┌─ GIVEN RECORDS
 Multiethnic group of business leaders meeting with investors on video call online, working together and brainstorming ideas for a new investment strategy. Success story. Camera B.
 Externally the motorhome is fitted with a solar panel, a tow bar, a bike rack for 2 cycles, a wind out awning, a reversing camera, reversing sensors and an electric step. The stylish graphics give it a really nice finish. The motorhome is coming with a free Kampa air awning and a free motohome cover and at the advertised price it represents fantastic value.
└─
┌─ GIVEN RECORDS
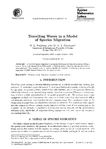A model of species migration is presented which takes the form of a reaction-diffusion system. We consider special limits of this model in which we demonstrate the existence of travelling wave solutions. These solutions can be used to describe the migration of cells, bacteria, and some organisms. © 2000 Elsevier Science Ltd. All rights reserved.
└─
REQUIREMENT
Pick out each line above that includes "with" and show it.

REPLY TO THE EXERCISE
 Multiethnic group of business leaders meeting with investors on video call online, working together and brainstorming ideas for a new investment strategy. Success story. Camera B.
 Externally the motorhome is fitted with a solar panel, a tow bar, a bike rack for 2 cycles, a wind out awning, a reversing camera, reversing sensors and an electric step. The stylish graphics give it a really nice finish. The motorhome is coming with a free Kampa air awning and a free motohome cover and at the advertised price it represents fantastic value.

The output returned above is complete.